* SUPPLIED DATA
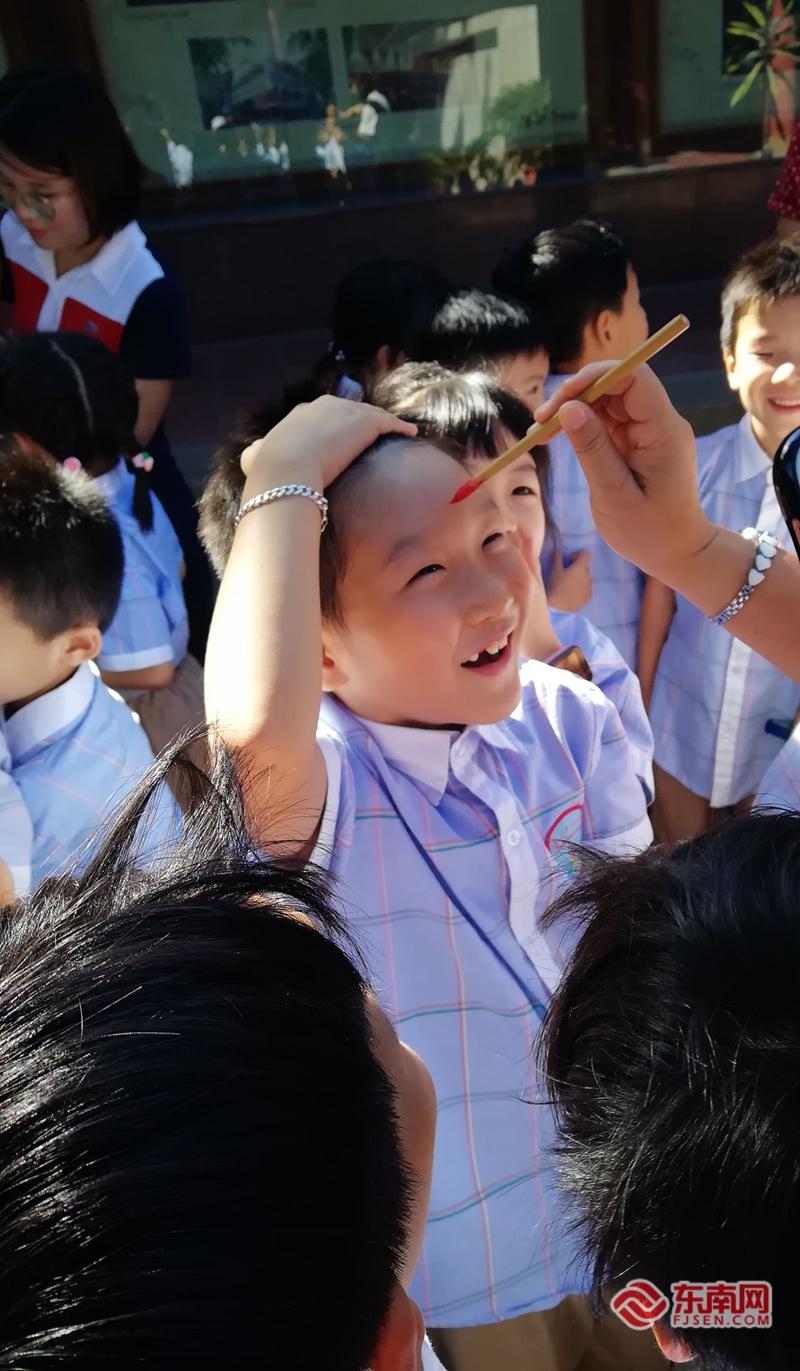 养正中心小学举行开笔礼,为孩子点朱砂。学校 供图
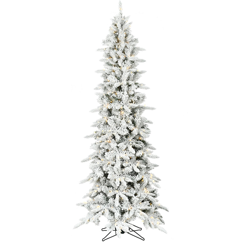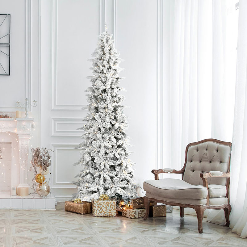 - 7.5-FOOT SLIM TREE: Standing 7.5-Ft. tall this beautiful snowy flocked tree will fit perfectly in your room with 8-ft. to 9-ft. ceilings. The 42 inch slim diameter is great for small spaces, apartments, or as your second, third, or fourth tree!
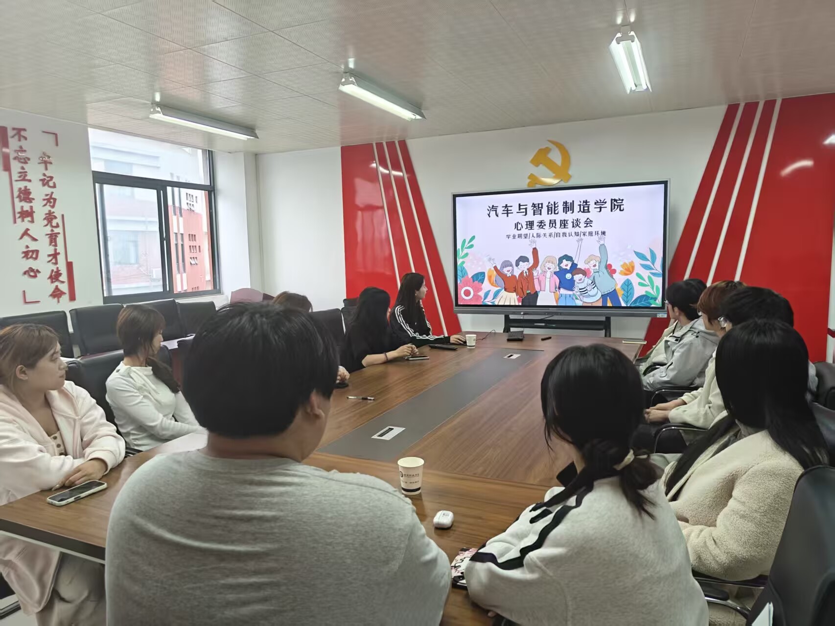 为进一步加强学院心理健康教育工作,完善“学校—学院—班级—宿舍/个人”四级心理防护网络体系建设,提升心理委员的胜任力与助人能力,4月16日,汽车与智能制造学院召开了班级心理委员座谈会。学院二级心理工作站老师水蓉及各班心理委员参加了此次活动。

* TASK REQUIREMENTS
Copy the data precisely. Skip every picture.

* TASK ANSWER
 养正中心小学举行开笔礼,为孩子点朱砂。学校 供图
 - 7.5-FOOT SLIM TREE: Standing 7.5-Ft. tall this beautiful snowy flocked tree will fit perfectly in your room with 8-ft. to 9-ft. ceilings. The 42 inch slim diameter is great for small spaces, apartments, or as your second, third, or fourth tree!
 为进一步加强学院心理健康教育工作,完善“学校—学院—班级—宿舍/个人”四级心理防护网络体系建设,提升心理委员的胜任力与助人能力,4月16日,汽车与智能制造学院召开了班级心理委员座谈会。学院二级心理工作站老师水蓉及各班心理委员参加了此次活动。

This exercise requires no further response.